Task instructions: Restate each line below word for word, skipping every picture.

Data segment:

= Beginning of Section =

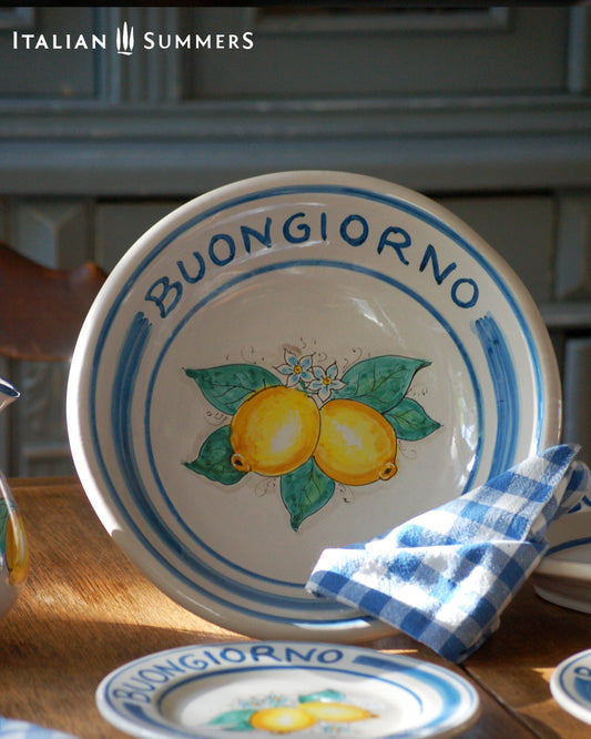 Large Italian Maiolica ceramic Fruit Stand with Amalfi Coast lemons and Buongiorno text, artisanal product, made in Sicily
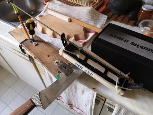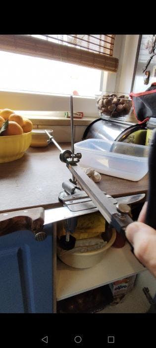 Montează ascuțitorul de un blat.Ajustează unghiul pentru ascuțire.Ascute lama în funcție de nevoile tale.
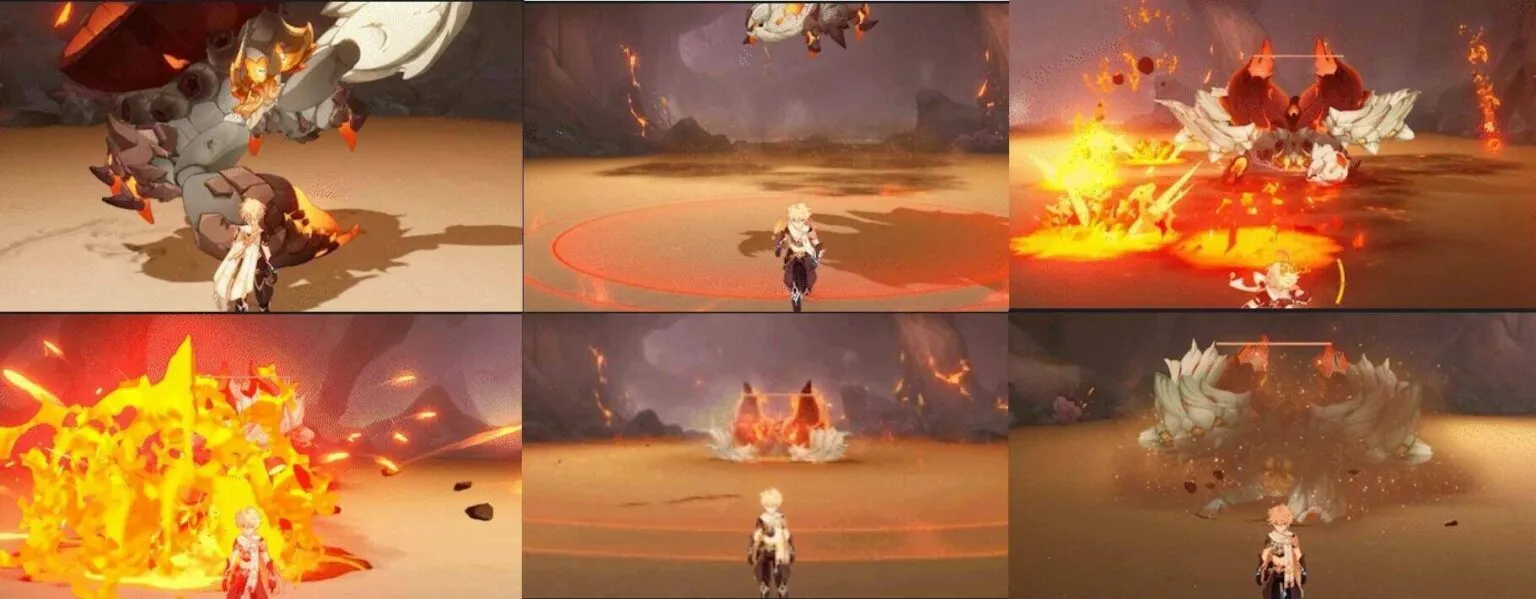 Volcano eruption: стріляє незліченною кількістю вогняних куль зі своїх рогів, кожна з яких завдає 50% ATK як AoE Pyro DMG після приземлення та залишає вражену землю спаленою. Випалена земля наносить гравцям, які стоять на ній, 6% ATK у вигляді DMG піро кожні 0,5 секунди. Ця атака використовується лише тоді, коли розплавлені роги неушкоджені. Цей набір рухів складний у часі, оскільки вогняні кулі стріляють у випадкових місцях, а також залишають землю Pyro DMG пізніше. Найкраще уникати таких ATK і триматися на відстані, коли Бос виконує таку атаку.

= End of Section =

Response area:
 Large Italian Maiolica ceramic Fruit Stand with Amalfi Coast lemons and Buongiorno text, artisanal product, made in Sicily
 Montează ascuțitorul de un blat.Ajustează unghiul pentru ascuțire.Ascute lama în funcție de nevoile tale.
 Volcano eruption: стріляє незліченною кількістю вогняних куль зі своїх рогів, кожна з яких завдає 50% ATK як AoE Pyro DMG після приземлення та залишає вражену землю спаленою. Випалена земля наносить гравцям, які стоять на ній, 6% ATK у вигляді DMG піро кожні 0,5 секунди. Ця атака використовується лише тоді, коли розплавлені роги неушкоджені. Цей набір рухів складний у часі, оскільки вогняні кулі стріляють у випадкових місцях, а також залишають землю Pyro DMG пізніше. Найкраще уникати таких ATK і триматися на відстані, коли Бос виконує таку атаку.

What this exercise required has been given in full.